Give again, exactly and without pictures, the lines running from the line with "Na pierwszych zajęciach, bardziej" to the end of the records below.

Data extract:
%%

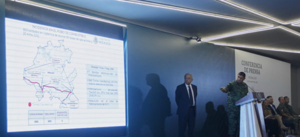 El secretario de la Defensa Nacional, Luis Cresencio Sandoval González, informó que el Ejército Mexicano tiene identificadas en Hidalgo siete bandas dedicadas al robo de combustible y 45 poblaciones vinculadas a este delito.
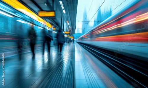 Fototapeta premium Commuters hurry as a speeding train blurs by at a modern station, capturing...
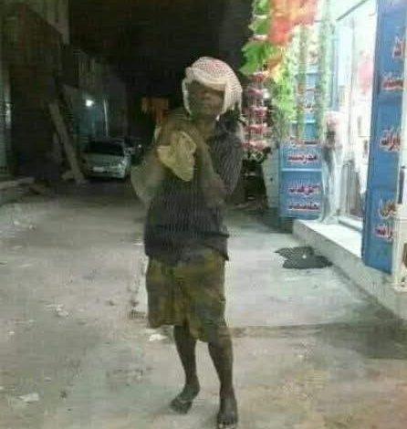 جاء الى جعار من حيث لا ندري في نهاية السبعينيات أو بداية الثمانينات تقريبا ، وكان يجلس في قلب سوق جعار بجانب استريو الأهرام الذي كان يقع حينها أسفل عمارة بن عسكر أمام دكان الشتار ، كانت هناك برحة ينام فيها ، وجسمه كله مطلي بالهرد ، ويقضي كثيرا من اوقاته في فرزة الدرجاج ، ثم اتخذ من دكة عمارة العوادي ، ودكة عمارة الجعدبي في شارع الحدادين ( شارع الذهب حاليا ) مقاما شبه دائم له ، وكان يلف شوارع سوق جعار طوال الليل الى الفجر وبعدها يختفي قليلا ثم يعود الى موقعه في سوق الحدادين ، ويفرش عددا من الكراتين ، وينام ملتحفا كشيدته الباذخة الاتساخ .
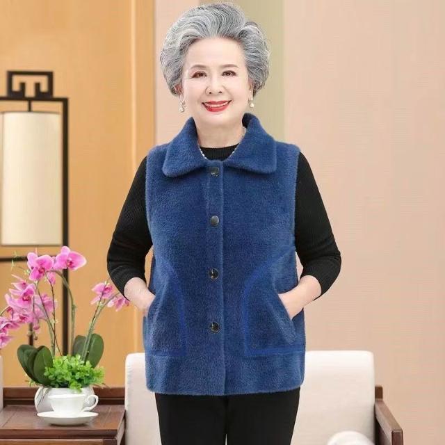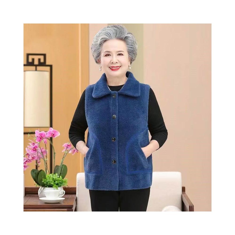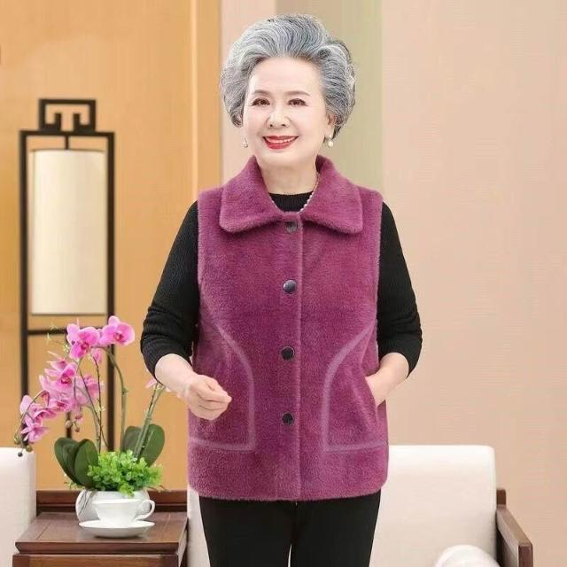 比比優 六十歲媽媽裝秋冬馬甲洋氣款中老年女裝水貂絨背心保暖奶奶裝外套
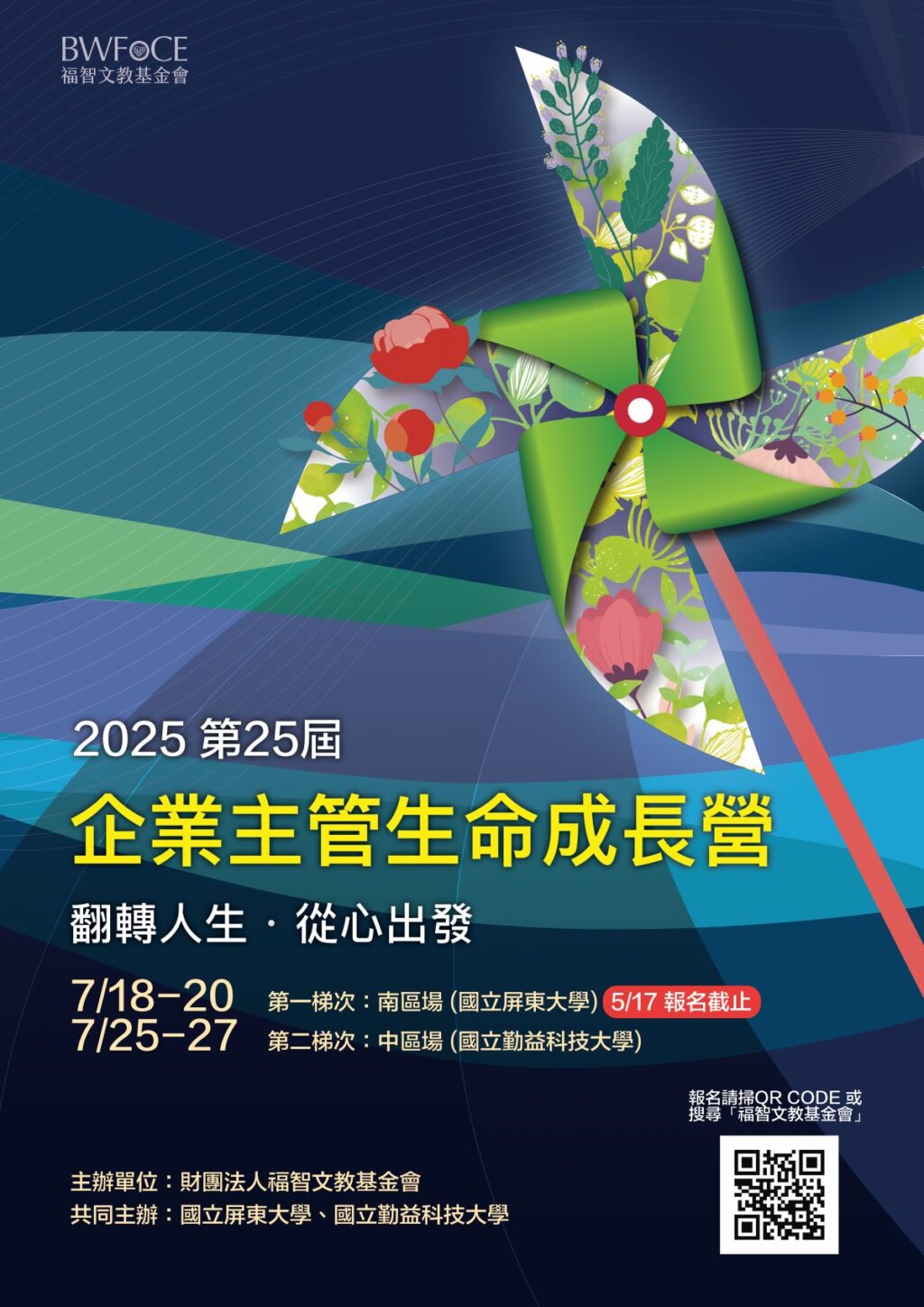 【記者范家豪/新北報導】 翻轉人生,從心出發!致力於心靈提升的財團法人福智文教基金會將舉辦第24屆「企業主管生命成長營」,南區場7月18日至20日於國立屏東大學、中區場7月25日至27日於國立勤益科技大學舉辦。今年,2025「企業營」以「永續發展、正向思考、關愛生命、幸福傳遞」為課程主軸,透過戲劇、講座、音樂饗宴等多元方式,從「觀功念恩」心靈解憂出發,希望帶動企業人士從觀念到行動,以積極正向的思惟,開展心靈的高度與韌性,創造幸福永續的企業文化。迄今已有超過兩萬七千多名企業人士參與此營隊,誠摯邀請公民營企業單位主管與菁英,以前瞻的視野與格局踴躍報名。報名截止日為5月17日,請參閱報名網址:https://reurl.cc/rEx5ob。
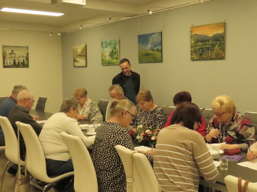 Na pierwszych zajęciach, bardziej organizacyjnych, wysłuchaliśmy oczekiwań, ale przygotowaliśmy także kilka ćwiczeń, by rozruszać szare komórki. Urządziliśmy także muzyczny konkurs, który przyniósł wszystkim dużo radości. Drugie spotkanie, które odbyło się w listopadzie, również było emocjonujące, po wyzwaniach dla mózgu, zajęliśmy się rozrywką i rozegraliśmy, chyba pierwszą w historii Osieka, partię bingo. Później uczestnicy podzielili się na grupy i zagrali w karty. Pośmialiśmy się, pożartowaliśmy i bardzo miło spędziliśmy popołudnie.
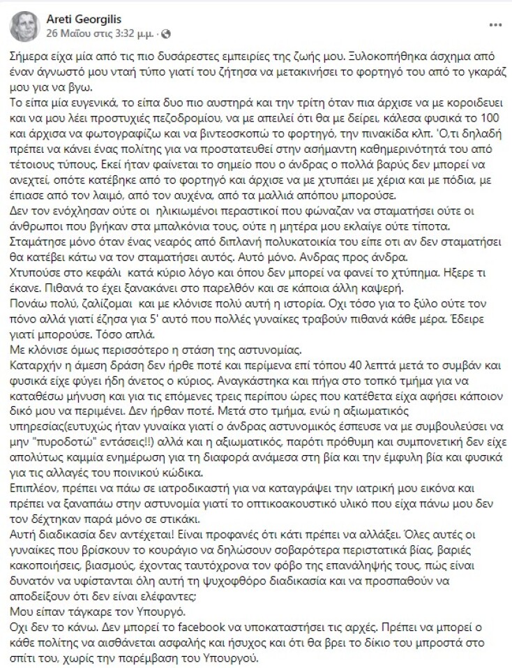 Την επίθεση και τον ξυλοδαρμό που υπέστη σε δημόσια θέα είχε καταγγείλει πριν από δύο εβδομάδες η Αρετή Γεωργιλή. «Σήμερα είχα μία από τις πιο δυσάρεστες εμπειρίες της ζωής μου. Ξυλοκοπήθηκα άσχημα από έναν άγνωστό μου νταή τύπο γιατί του ζήτησα να μετακινήσει το φορτηγό του από το γκαράζ μου για να βγω», αναφέρει στην ανάρτησή της η κα Γεωργιλή.

%%

Finished task:
 Na pierwszych zajęciach, bardziej organizacyjnych, wysłuchaliśmy oczekiwań, ale przygotowaliśmy także kilka ćwiczeń, by rozruszać szare komórki. Urządziliśmy także muzyczny konkurs, który przyniósł wszystkim dużo radości. Drugie spotkanie, które odbyło się w listopadzie, również było emocjonujące, po wyzwaniach dla mózgu, zajęliśmy się rozrywką i rozegraliśmy, chyba pierwszą w historii Osieka, partię bingo. Później uczestnicy podzielili się na grupy i zagrali w karty. Pośmialiśmy się, pożartowaliśmy i bardzo miło spędziliśmy popołudnie.
 Την επίθεση και τον ξυλοδαρμό που υπέστη σε δημόσια θέα είχε καταγγείλει πριν από δύο εβδομάδες η Αρετή Γεωργιλή. «Σήμερα είχα μία από τις πιο δυσάρεστες εμπειρίες της ζωής μου. Ξυλοκοπήθηκα άσχημα από έναν άγνωστό μου νταή τύπο γιατί του ζήτησα να μετακινήσει το φορτηγό του από το γκαράζ μου για να βγω», αναφέρει στην ανάρτησή της η κα Γεωργιλή.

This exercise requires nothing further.